Jürgen Klopp's Near-Miss with Kylian Mbappé and French Stars
In the cool New England air of Foxborough, amid the noise and neon of a major tournament night, Jürgen Klopp stood on the touchline and watched what might have been.
France’s stars were going through their warm-up, Kylian Mbappé among them, when Klopp – now a MagentaTV pundit rather than the heartbeat of Anfield – caught his eye. The two shared a brief reunion after Les Bleus’ quarter-final win over Morocco, Klopp then lifting an arm in acknowledgement towards Mbappé’s mother in the stands. A small gesture, but loaded with history.
Because Klopp has chased this generation of French talent before. And lost. Every time.
“I've already negotiated with three of their players and never got them,” he admitted, half laughing, half wincing. The list is brutal for any Liverpool supporter to hear in one breath: Mbappé, Ousmane Dembélé, Adrien Rabiot. All pursued. None secured.
The one that still stings most came in 2017. That was the year Liverpool tried to pull off the most clandestine transfer pitch of Klopp’s career, a covert operation stitched together at 30,000 feet.
With Mbappé still at Monaco and the entire continent circling, Liverpool’s hierarchy decided to move in the shadows. They chartered a private jet out of Blackpool, of all places, and flew to Nice under the radar, determined to keep the meeting away from cameras and gossip.
“With Mbappé, it was before he went to Paris,” Klopp recalled. “That was roughly €500 million, the most expensive non-transfer we've ever made.”
In Nice, the cloak-and-dagger element went up a level. The whole Mbappé family boarded a private jet fitted out with five cabins. No terminals. No lounges. No chance encounters. Just a small group sealed off from the outside world, circling in the skies above the south of France.
“We flew from Blackpool to Nice. In Nice, the whole Mbappé family boarded a private jet with five cabins. Then we flew around in circles and had a delicious meal. We weren't allowed to be seen. It was great – and then he went to Paris.”
That last line still lands like a punchline with a bruise. Liverpool rolled out privacy, charm, and the promise of Anfield. Mbappé chose Paris Saint-Germain and a €180 million move instead.
The story since has been anything but simple. Mbappé became the face of PSG, but his time there turned into a constant tug-of-war over power and status, with Lionel Messi and Neymar forming a superstar triangle that never quite sat comfortably. The goals flowed; the politics never stopped.

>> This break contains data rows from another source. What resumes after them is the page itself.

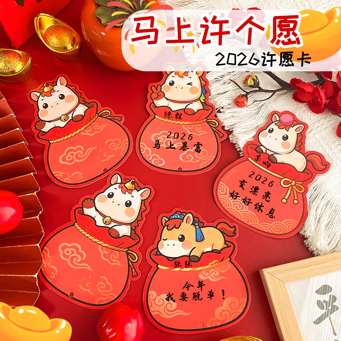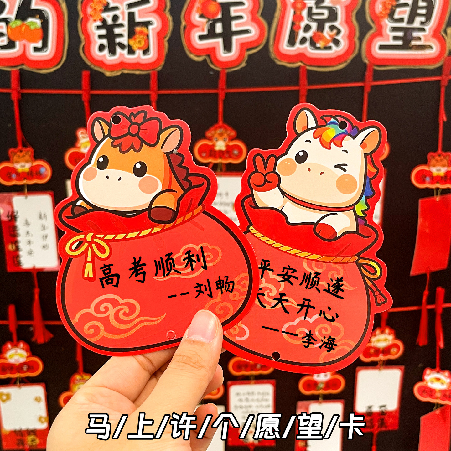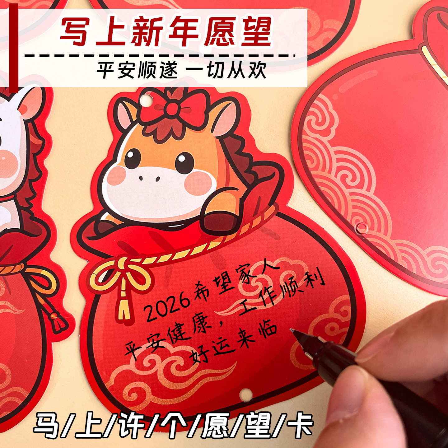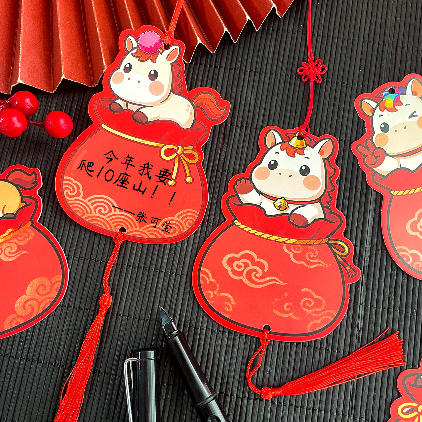 幼儿园新年愿望墙许愿卡马年福袋挂饰班级环创氛围布置悬挂装饰儿童小学生空白可手写目标心愿卡片祝福卡吊牌
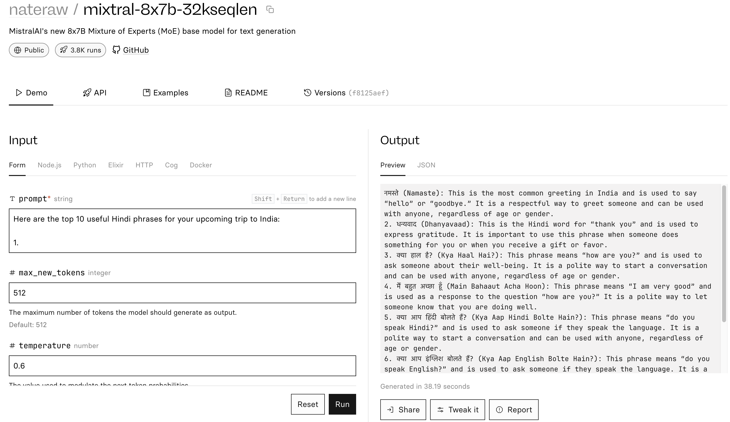- https://replicate.com/nateraw/mixtral-8x7b-32kseqlen
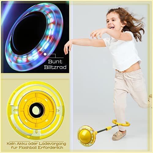 <br>★ Nuovo salto di aggiornamento: le ruote rotanti si illuminano automaticamente, colori accattivanti, emanano una luce fredda e sono molto accattivanti durante la notte.<br>★ Comodo da trasportare: design pieghevole, coulisse elastica integrata e tasca, facile da trasportare e riporre. Una maggiore facilità facilita le diverse età di mettere i piedi nel cerchio.<br>★ Design di sicurezza: lo strato di spugna è più morbido e copre l'anello della caviglia, che può proteggere la caviglia da lesioni. È sicuro e divertente, facile da usare ed emozionante. È un buon regalo per i bambini per giocare.<br>★ Adatto per la maggior parte delle età: per bambini e adulti, la palla aiuta a migliorare la coordinazione e le capacità motorie dei bambini, bruciare l'energia in eccesso e fare genitori un divertente allenamento aerobico con i bambini.
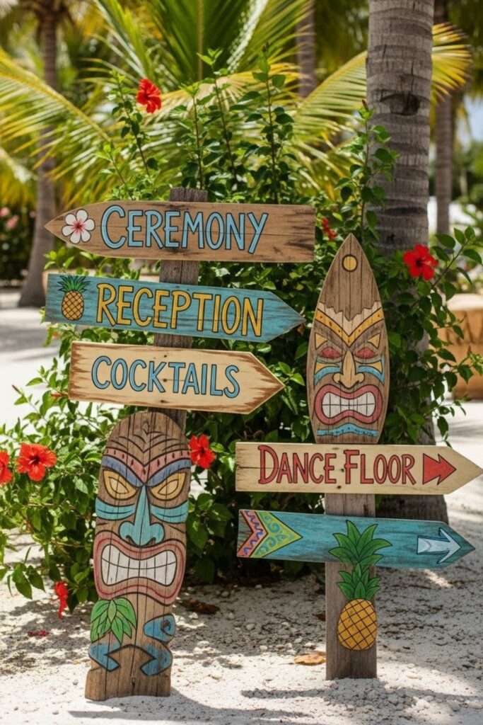 Directional tiki signs instantly add personality and help guests navigate outdoor spaces without confusion during ceremonies, receptions and evening events easily.
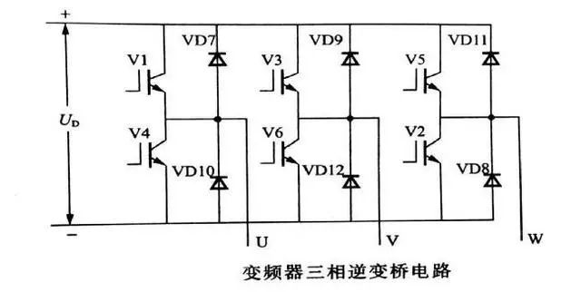 逆變橋電路的功能是把直流電轉(zhuǎn)換成三相交流電。逆變橋電路由下圖中的開(kāi)關(guān)器件 V1~V6 構(gòu)成。目前中、小容量的變頻器中,開(kāi)關(guān)器件大部分使用IGBT 管。
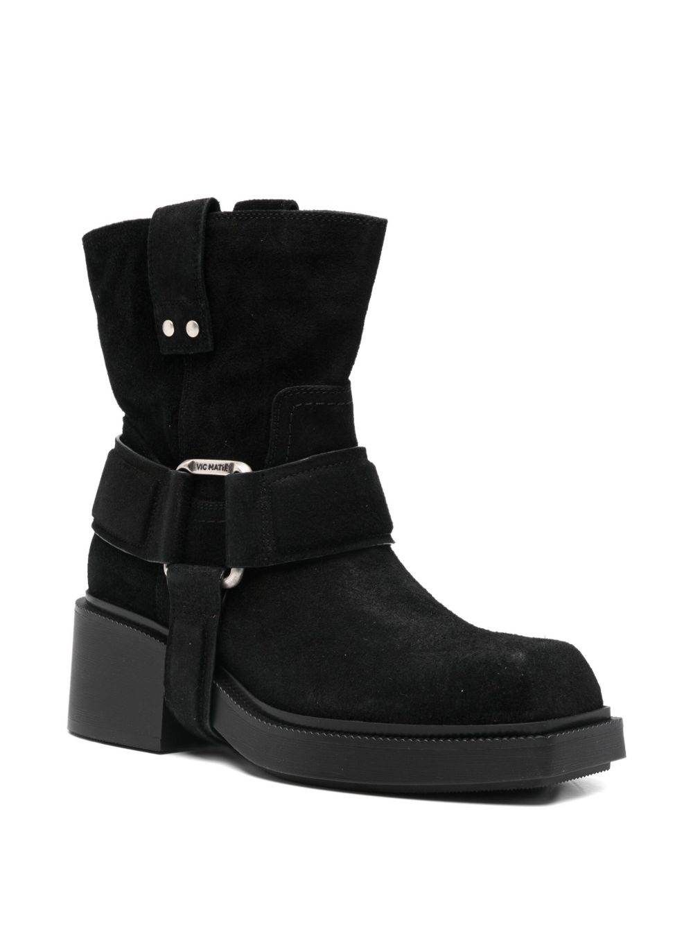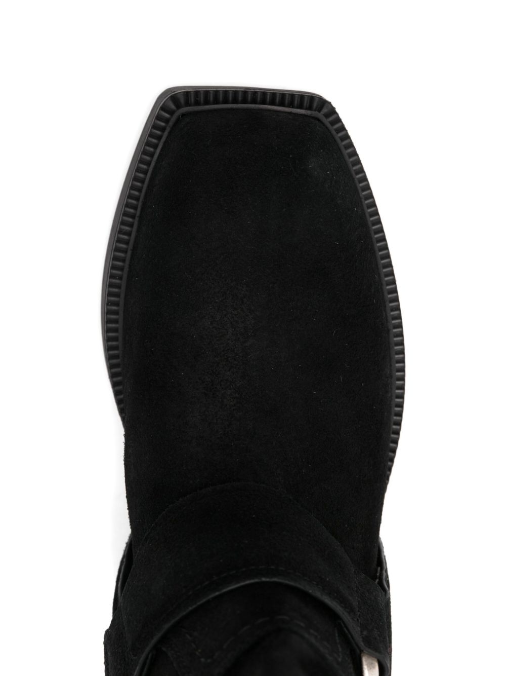 black strap detail silver-tone hardware square toe low block heel pull-on style
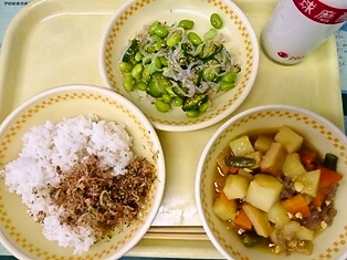 今日の給食のチキンビーンズに使っている豆は大豆です。昔の日本人は長い間、肉を食べる習慣がなく、代わりに魚や大豆を食べていました。大豆は、今から約2千年前に日本に伝わってきました。大豆には、骨や歯を強くするカルシウムや疲れをとるビタミンB1などもたくさん含まれています。また、大豆にはガンを防ぐ効果もあると言われています。栄養たっぷりの食材ですので、普段の食事にもぜひ取り入れて見てください。

Now 27 and in the white of Real Madrid, Mbappé has reset his career at the club that long felt like destiny. The medals will come, many already expect that. Yet one box remains unticked. He is still chasing the Champions League crown that continues to elude him, even as PSG – in this telling – have twice lifted the trophy in the two years since his departure, a twist that only sharpens the irony of that decision.
Klopp, meanwhile, has stepped off the club treadmill. After deciding to leave Liverpool in 2024, he has thrown himself into life behind the microphone, his energy redirected from the technical area to the studio. It is a pause, not a retirement.
The next chapter is already looming. At 59, he stands on the brink of taking over the Germany national team once the current tournament in the United States reaches its conclusion, ready to swap club obsession for the unforgiving rhythms of international football.
On this night, though, his past and present overlapped on the touchline. The coach who once flew secret loops over the Mediterranean to woo a teenager now watched that same player lead his country into another semi-final. Mbappé’s goal against Morocco had carried France through the last eight, his focus now fixed on dragging Les Bleus all the way to the trophy.
Klopp could only watch, remember, and wonder how different the story might have looked if that private jet, that secret meal, and that “most expensive non-transfer” had ended with Mbappé walking out at Anfield instead.